In 1993, four years after the breakup of the Soviet Union, trumpeter Tomasz Stańko, Poland’s most prominent jazz musician, met three teenagers — drummer Michal Miskiewicz, bassist Slawomir Kurkiewicz and pianist Marcin Wasilewski — who had recently launched the Simple Acoustic Trio. Having signed to ECM around this time, Stańko was working the international circuit with a quartet of European all-stars that included pianist Bobo Stenson, bassist Anders Jormin and drummer Tony Oxley. For local gigs, though, he was looking to hire less expensive, Polish musicians.

“I didn’t have a drummer,” Stańko said on a raw, rainy New York afternoon that evoked springtime in Warsaw. Trim at 66, a black beret covering his shaved head, circular glasses framing his gaunt, goateed oval face, he looked like a character from the pen-and-ink illustrations the Polish writer Bruno Schultz created for his short stories of the 1930s. Stańko wore a well-tailored jacket with a brown check, pressed blue jeans and buffed brown leather shoes.

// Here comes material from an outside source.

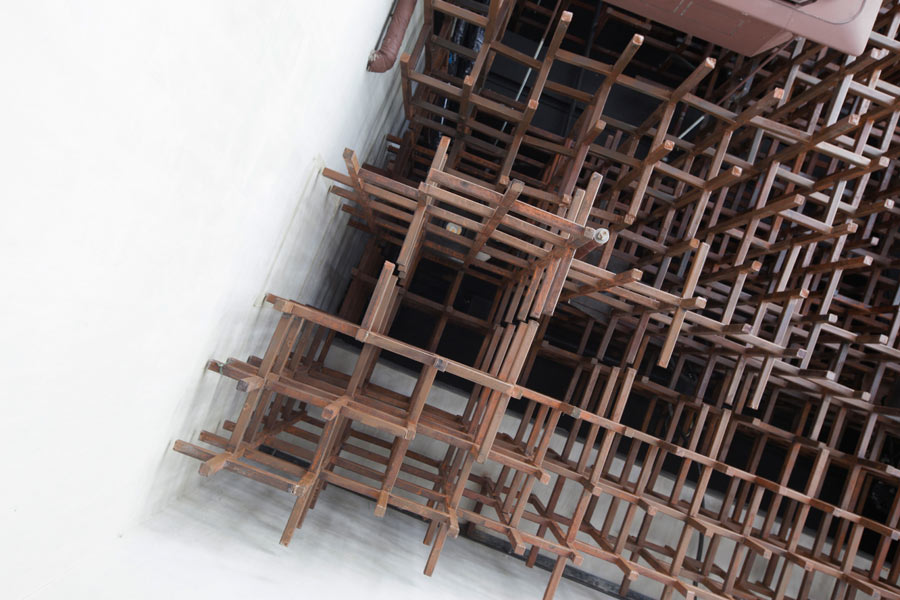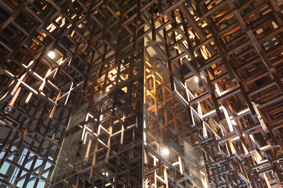 The complex looking structure is quite simple. Instead of constructing a matrix or latticework and attaching it to the ceiling, Yulo used individual steel rods of different lengths. Perpendicular spokes are welded on alternate sides of each rod and spaced in progressively shorter distances towards the lower end of the rod. When positioned just so, rods and spokes appear welded to one another.

He spoke precise, thickly accented English, with idiosyncratic turns of phrase.

“Someone told me about this young drummer, the son of Henryk Miskiewicz, a good, swinging mainstream saxophone player,” he said. “I figured he’d have a good groove, and accepted the recommendation. Then I took a risk and brought his bass player, Slawomir, also a young guy. We had a gig in some small city in the south of Poland. I arrived just an hour or two before, we rehearsed for a few minutes, then played. They were fast, like professional people—maybe don’t know too much, but played good. Good swinging. I decided to keep them. Marcin was pushing them to recommend him to me, and a few months later I took him.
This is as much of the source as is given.